To validate the annotation quality of the dataset, we obtained 40 additional blood samples from AMC which are not included in the main dataset. The ground truth for the distribution of WBC subtypes was provided by AMC. Samples underwent a Complete Blood Count (CBC) using XN-Series (XN-20, Sysmex, Kobe, Japan). Then, additional manual differential counts were conducted if any flags appeared. These manual differential counts followed the guidelines provided by CLSI2. The cell types included were Blast, Myelocyte, Metamyelocyte, Band neutrophil, Segmented neutrophil, Lymphocyte, Monocyte, Eosinophil, Basophil, Neoplastic lymphocyte, Reactive lymphocyte, Atypical lymphocyte, and nRBC. Certain cell types were combined for analysis; for example, Band neutrophil and Segmented neutrophil were grouped as Neutrophil. Additionally, Blast, Myelocyte, Metamyelocyte, Neoplastic lymphocyte, Reactive lymphocyte, and Atypical lymphocyte were grouped together as Others.

Using the same blood samples, we then automatically smeared, stained and detected WBCs using miLab. The detected cells were then classified by our two experts and the distribution of the outputs was compared to the ground truth from AMC. Figure 2 shows that the miLab prepared slide with expert classification and manual microscopic ground truth from AMC generally provide a high correlation (R2 > 0.9). However, we notice that monocytes and basophils provide lower values of 0.836 and 0.428 respectively. The low correlation coefficient for Basophils is likely due to the low number of basophils in each sample. For monocytes we currently have no intuition as to why the correlation is lower; however we have observed that the same general trend exists in other published papers33,34.

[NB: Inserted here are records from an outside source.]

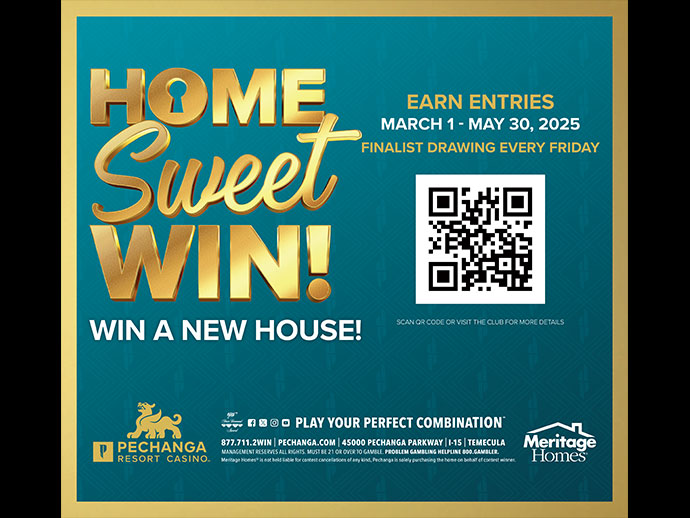 Beginning Saturday, March 1 and ending at 9:30 p.m. on May 30, Pechanga Club members can earn entries into the Home Sweet Win promotion by playing their favorite slot machines or table games with a Club card. Pechanga Resort Casino introduces more fun ways to earn drawing entries on multiple days through the week and special kiosk events starting in April. Visit the Home Sweet Win webpage at Pechanga.com/homegiveaway for details.
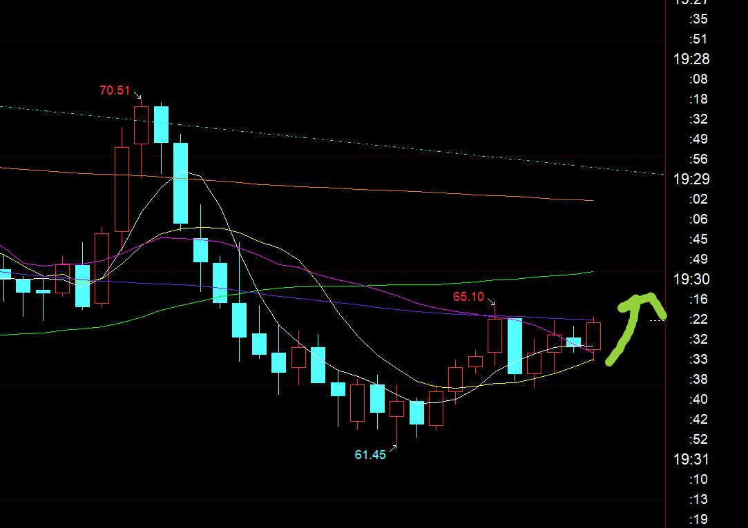 原油方面:周视频提及的短线支撑是63.8,然后观察日线中轨和10均线哪边有效突破的选择来跟随;目前来看,日内支撑63.8出现一波拉升,此时日线稳定于中轨63.8出现了一根大阳,一旦今日收报类似大阳饱满K,那么明日开始就倾向于向上反弹去修复前期大跌;
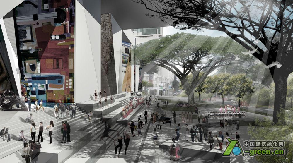 “背景”是包含一个音乐厅,戏剧剧场,黑匣子剧场和一些小型非正式的表演空间的主席台。它被预想为一个沉重的基座,一个已雕刻并凿成揭示不同比例体积的庞大的石材。这个令人振奋的多层次的空间将作为一个热带城市广场向公众开放。楼梯和平台创建了一个多样化的空间,自发的和计划中的表演可以在这里进行。
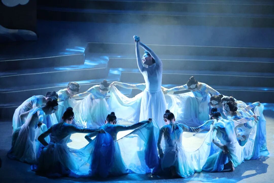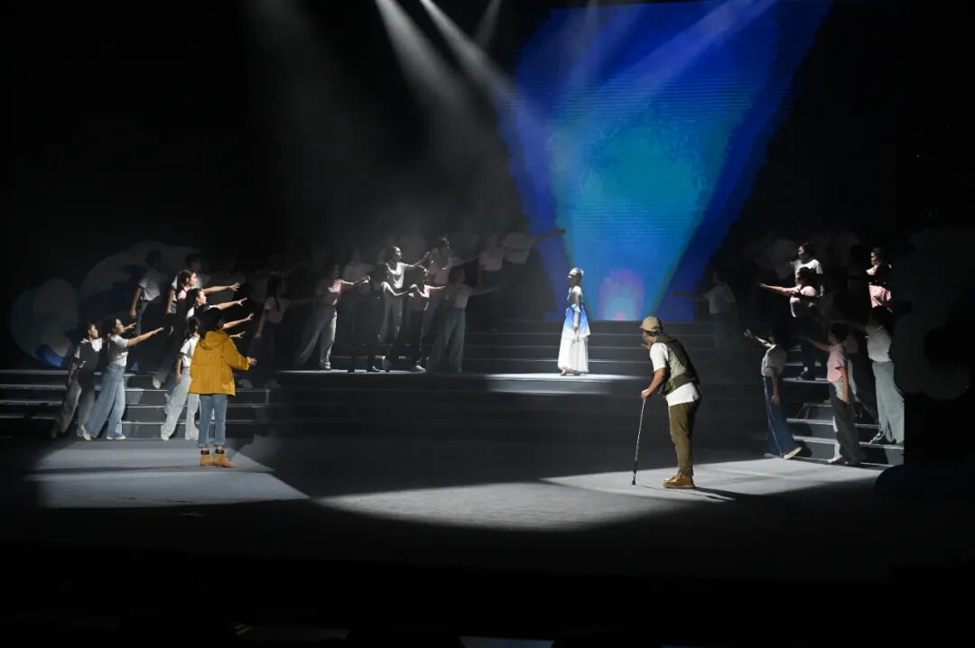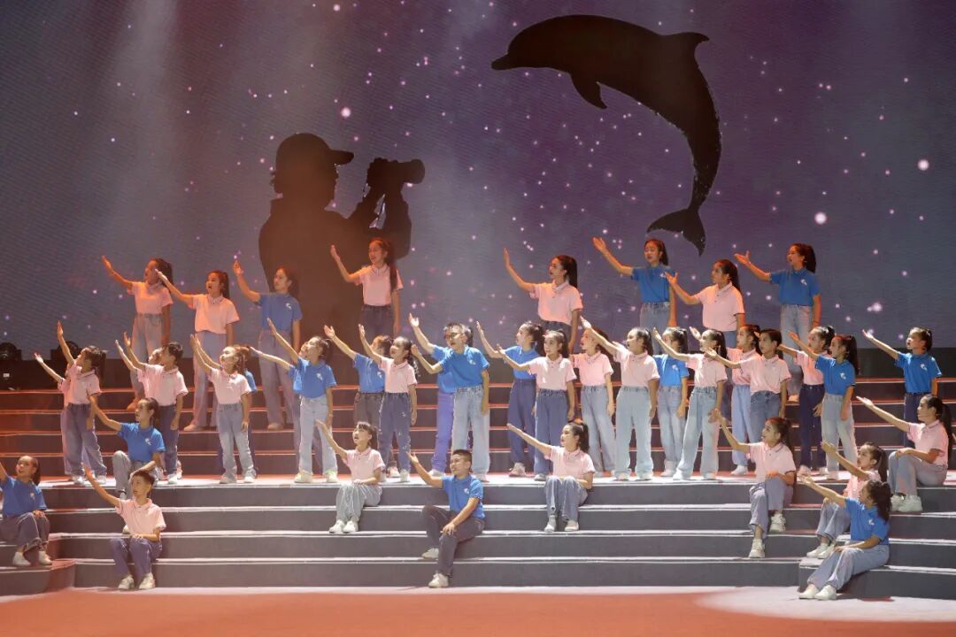 舞台上,演出以潘文石与潘岳扮演者的一段深情对话开场。《Long Long Ago》《期待的远方》《三娘湾,我们的家》等歌曲旋律悠扬,唱出了对家园的眷恋和对远方的憧憬;舞蹈《海的精灵》用柔美且有力的肢体动作,展现了白海豚的灵动与活力……演员们通过生动的表演、真挚的歌声和极具感染力的台词,将“钦钦”与人类之间的情感纽带刻画得入木三分。当剧情发展到人与海豚的离别与重逢时,不少观众悄悄擦去眼泪;而当保护行动逐步开展,希望重新照亮舞台时,现场又响起了持久而热烈的掌声。
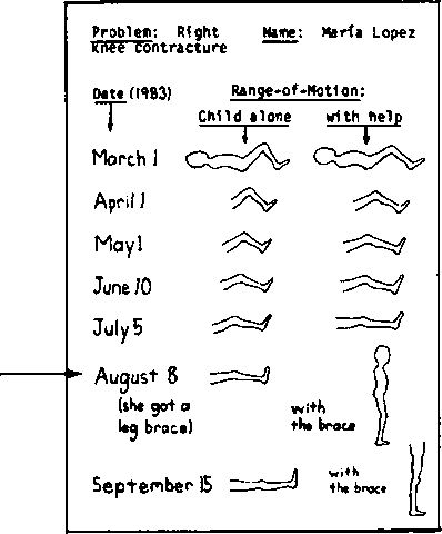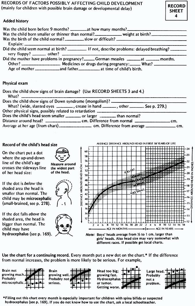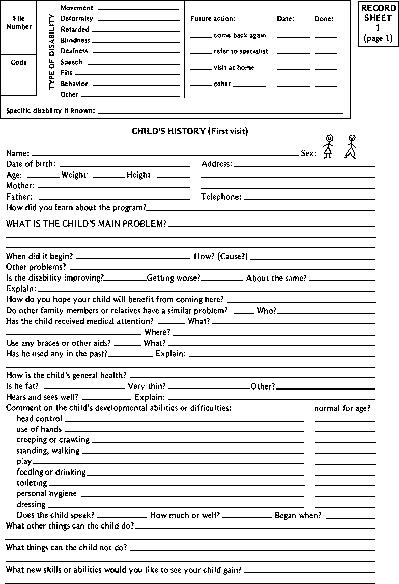 In Project PROJIMO in Mexico, the village rehabilitation team keeps a big file box with copies of the different pages and chapters that they have found most useful for giving to families. (In fact, the exercise sheets at the end of Chapter 42 were originally prepared separately to give to families. Later, we decided to include them in this book.)

A classification model using just one best-focused image per cell was developed to confirm the whole labeling correctness. The best-focused image was selected from a stack of 10 images using an edge filter using variance similar to Laplacian filter35 because we assumed an image would be best viewed if its edge was strengthened. Each input WBC was cropped from the context image and upsampled to a size of 200 × 200. Therefore, the resized ratio was also used as an input feature. The dataset was randomly split into a training, valid, and test set with a ratio of 70%, 20%, and 10% respectively, and a fine-tuned ResNet34 model yielded an acceptable test accuracy of over 90%. To double check the label accuracy of the data, we then used our trained model to find difficult examples and re-examined them with our domain experts to ensure that they were not mislabeled.

The experiments on label correctness observed several common misclassifications when a single focused image per cell was evaluated. Specifically, the model needed clarification for the following classes. First, some cells classified in immature WBCs tended to be highly confused with those in blasts.We found that there was a some confusion in classifying between immature WBCs and blasts. Additionally, we found a high confusion rate between lymphocytes and variant lymphocytes. Finally, we observed some confusion between neutrophils, metamyelocytes and myelocytes. Interestingly, mistakes that junior microscopists tend to make are similar.

Usage Notes

The dataset consists of images in the JPEG format and label files in the CSV format. As such, no special software is required to use this dataset. Including fine-grained classes, labels allow the dataset’s reformulation to fit the user’s specific needs. See Table 3 for the list of available classes. The multiple stacks of focal planes for WBC might help improve classification performance in machine learning.